By Cathy Meils in Riga
    Baltic filmmakers and industry professionals are showing off the jewels of newly energized film production in the Baltic Film Competition, which opened September 17 as part of the Arsenals festival running through September 21.

    "The last two years were richer for feature films," Dace Lidumniece, a programmer and selector for the Baltic competition, said. "We chose nine feature films, compared with only five for the last competition."

    Programmer Sonora Broka agreed. "The Baltics have made a big step forward, especially Estonina cinema, with new themes in the films," she told FNE.

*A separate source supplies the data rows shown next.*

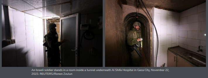 11월 22일, 이스라엘군은 일부 언론사들에게 가자시의 알 시파 병원 근처에 있는 콘크리트 줄로 된 터널을 보여주었는데, 이 터널은 하마스 전사들의 지휘소였다고 이스라엘군은 밝혔다. IDF가 지하 약 10미터 깊이에 있다고 밝힌 이 터널 단지는 침실, 타일로 된 화장실, 부엌 그리고 회의실이 특징이었다.
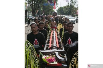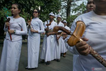 Peserta membawa keris koleksi pada Kirab Pusaka Museum Keris Nusantara "Mebumikan Keris Indonesia" di Solo, Jawa Tengah, Jumat (25/8/2023). Kirab tersebut dalam rangka peringatan enam tahun Museum Keris Nusantara sekaligus mengenalkan kembali keris sebagai karya seni dan benda budaya warisan nusantara yang telah diakui UNESCO sebagai warisan budaya dunia non-bendawi manusia. ANTARA FOTO/Mohammad Ayudha/hp.
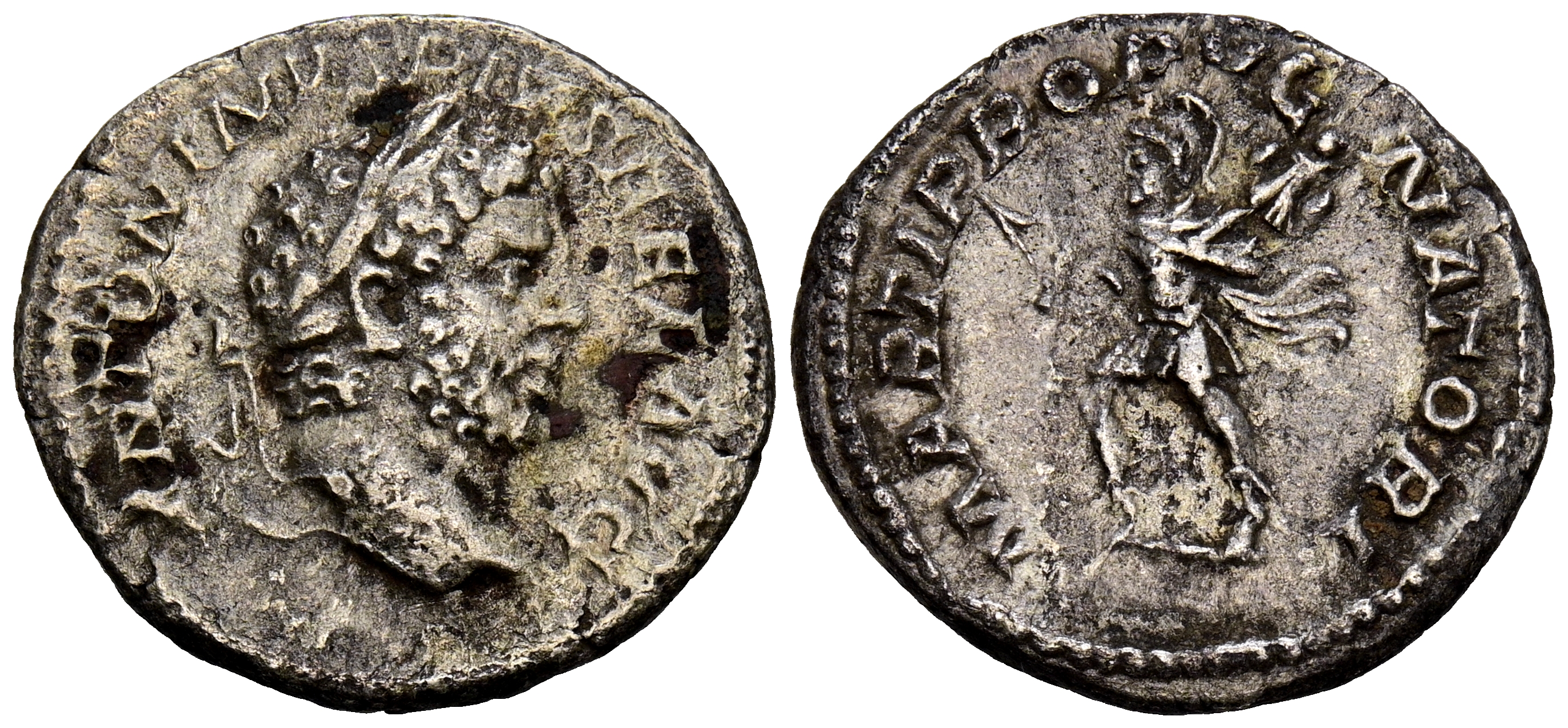 CARACALLA. Denario. (Ar. 3,09g/19mm). 210-213 d.C. Roma. (RIC 235). Anv: Busto laureado de Caracalla a derecha, alrededor leyenda: ANTONINVS PIVS FEL AVG. Rev: Marte avanzando a izquierda portando lanza y trofeo, alrededor leyenda: MARTI PROPVGNATORI. MBC+.
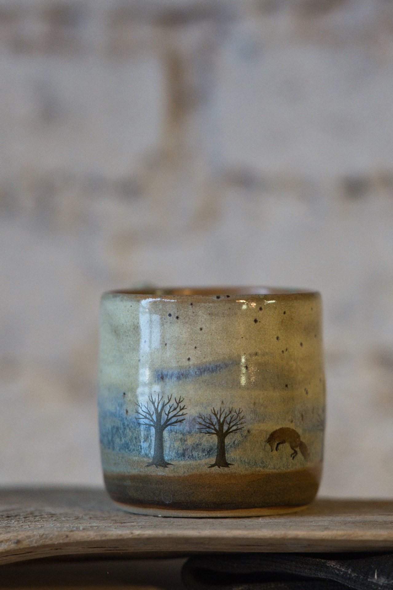 Ručně vyráběný keramický hrnek s jemnou zimní krajinou v chladných modro-šedých tónech. Siluety holých stromů a lišky v pohybu evokují klidné okamžiky přírody těsně před soumrakem. Jemně skvrnitá glazura a teplý odstín okraje dodávají hrnku přirozený, hřejivý charakter. Každý kus je originál, ideální pro tiché chvíle s čajem nebo kávou.
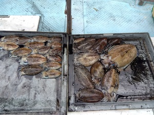 下段の右側が紋甲イカですが1番大きいのが甲羅が30センチありました,(約2キロ)
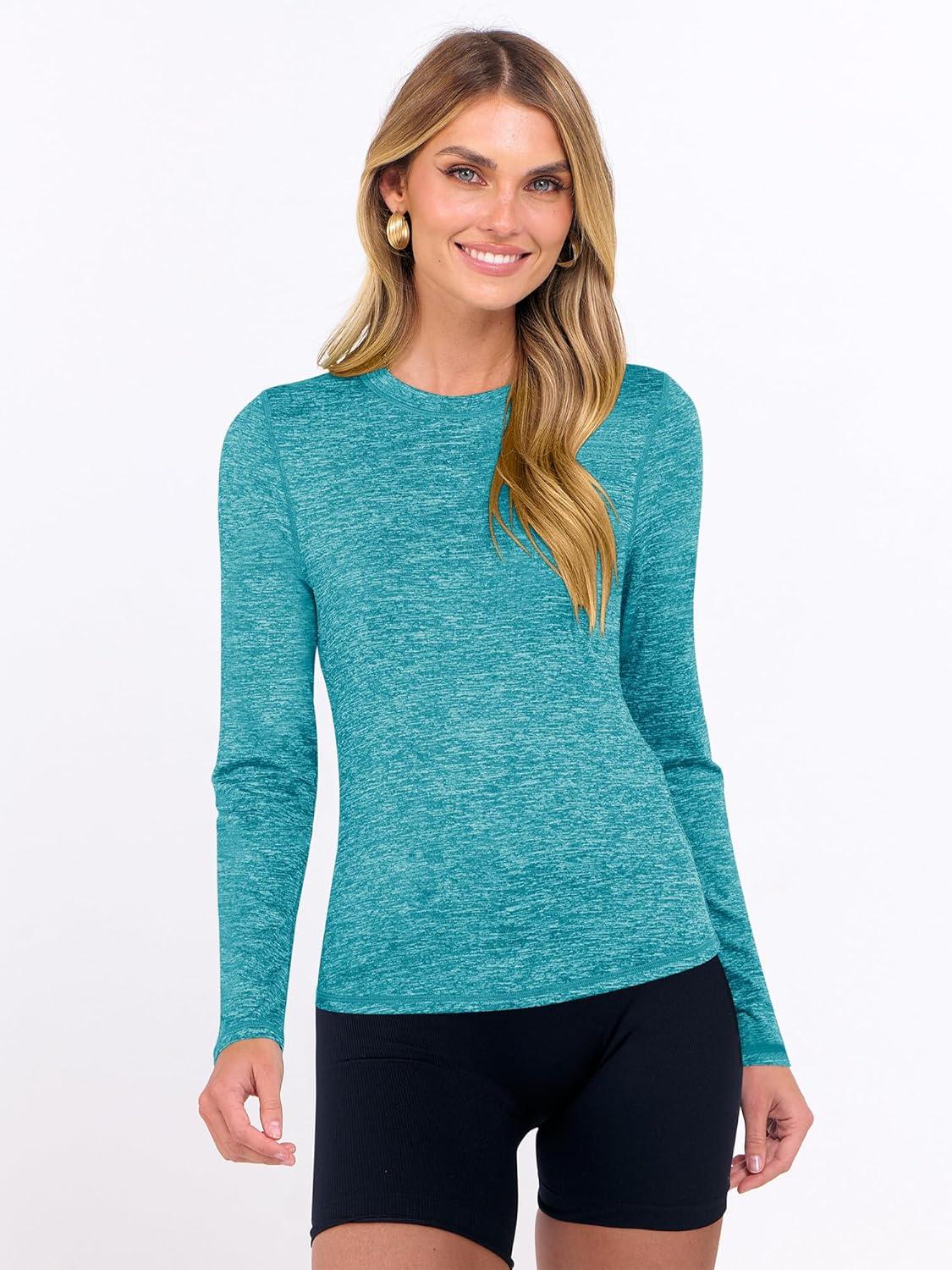 imageANRABESS Womens Long Sleeve Workout Quick Dry Fitted Yoga Gym Athletic ShirtsTurquoise

    Estonia, in the field of fiction features, has always been a little in advance," Lidumniece added. "It started with Autumn Ball (2007 winner of the Orizzonti prize in Venice) and The Class (two prizes at Karlovy Vary). then Latvian films began going on the international circuit, and now the Lithuanian film Loss is going around to festivals."

    The list of Baltic competition films includes several others that have gained recognition on an international level: Latvia's omnibus film Vogelfrei (Pusan, Turin, Rotterdam, and Karlovy Vary), and Karlovy Vary selections The Collectress (Lithuania) and I Was Here (Estonia).

    Local audiences are also responding to the wealth of films. In Latvia, the national 1919 epic Defenders of Riga attracted over 200,000 admissions, toppling Titanic from its first place spot for post-independence film admissions. Estonians put three local films (among them, Autumn Ball) into the top 10 box office for 2007, while I Was Here topped the box office attendance when it opened in cinemas the week before screening at Arsenals. In addition, the Estonian-Latvian animated feature, Lotte from Gadgetville, garnered sales to more than 50 countries.

    The new buzz is creating an energized Arsenals festival. Broka reports that attendance is strong, even in the multiplex salle devoted to festival films.